Waxing & waning, the weeks in numbered increments−−

one concentrates on the view, sees there the undersides of clouds at certain hours,
which give an impression of halos or the filmy gazes of infants−−
their view still on the other side.
 
Much confusion began with the morning of midweek (Wednesday)—but

         If she does not focus on the miles of sad hair,

         but watches instead the garden, dawn fused,
         sifting &humming through itself
(& her)
         until many hummingbirds & others begin to move
 
         & everything expands
         against the shawl of lavender membrane,
 
         that which is morning—
         if she focuses on this –as in—
              “quiet down now, be still & listen to light”
         if she does this, she WILL” quiet down now
                 & be still.”

47                                            SM

      The “whistling tubes” are open-ended

                                In the kitchen walls
 
      We say nothing about it
 
                                But don’t resist
 
      Permit—almost require—it, feel the hair
 
                                Lean further in
 
      On the subway, since the crowds
 
                                Keep it in mind, can’t bear to look—
 
      The vision says the problem with suicide
 
                                Or the voice or the dream or the middle
 
      Of the night, maybe getting up to pee—
 
                                The place is layered with voices, in
 
      The way the ancient wood has grown
 
                                Stored in the air of this house,
 
      I believe you could hear me; that I’d hear
 
                                If I put my ear to the opening
 
      All conversations

                                In the kitchen walls

      Moved among these rooms—

                                I smell their sweat, sharp,

      Redolent—or is it mine?

                                I feel the way the former inhabitants—

 
      What am I afraid of?

                                That you “x x x.”

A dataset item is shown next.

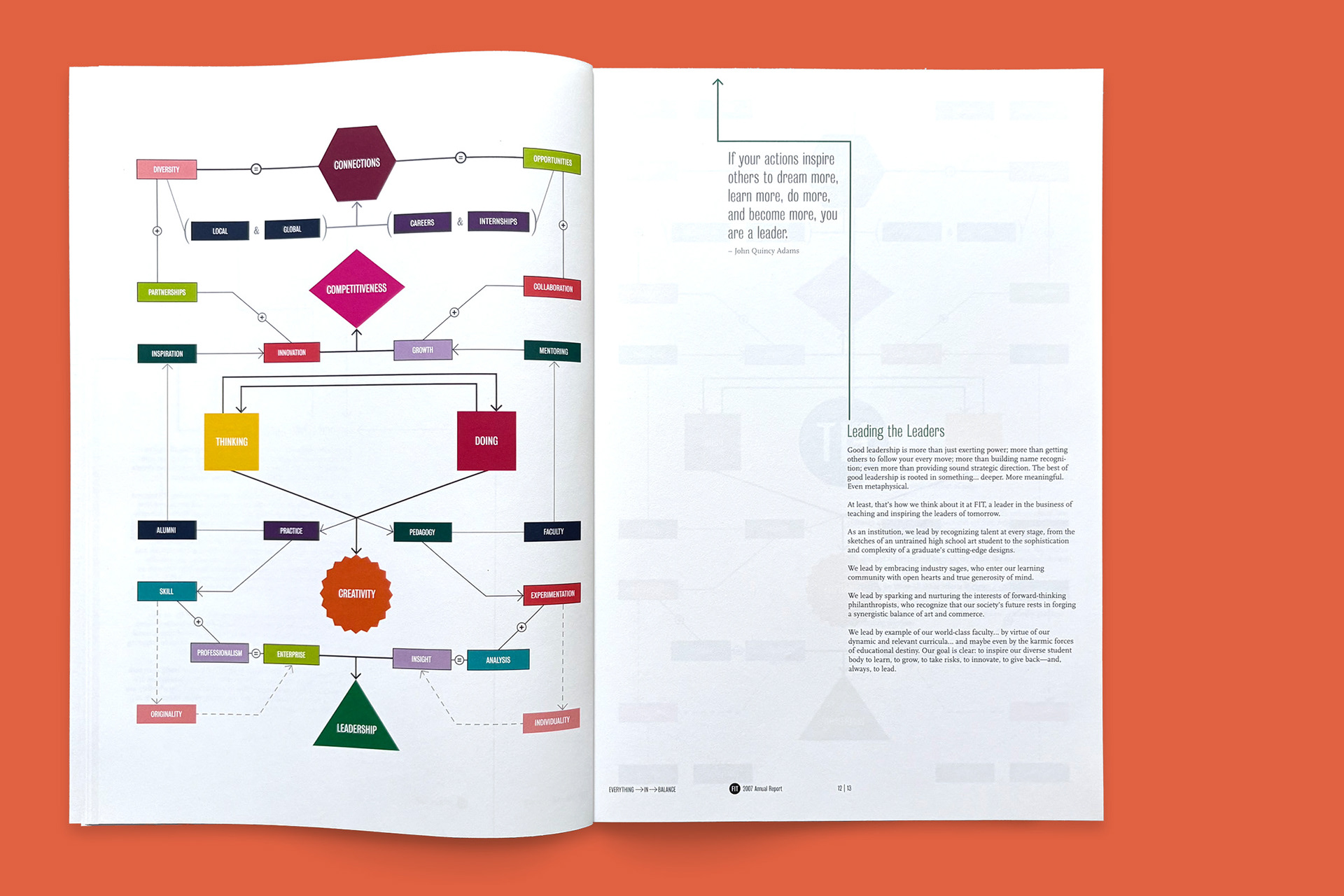 During my time at Pentagram I worked on an array of projects for their longstanding client, The Fashion Institute of Technology, a SUNY school. My experience with them began with multiple small signage projects on campus and grew into a role designing some of their key communications. This annual report was developed with a theme of balance, and was built around a playful flowchart that conveyed FIT’s varied, positive attributes. The arrow graphics of the flowchart were also brought into dynamic arrangements with the type, extending the visual storytelling throughout the document. That it could all be both complex and harmonious made it perfectly FIT.

      It takes every effort of my hand.

                                And I never say “sad.”

      Not to put that in quotes.
 
                                OK. You touch my heart.

      “Thanks” doesn’t cut it  

                  & I never say that word anymore: “heart”

I don’t know if I believe it, but I’ll—
 
                                      Break. Still, I stand instructed         
 
      On your arms on my arms                               
 
                                On the kitchen table

      Hand-carried from Africa

                                The ancient gray rock—

      Scared by authenticity

                                Into restraint.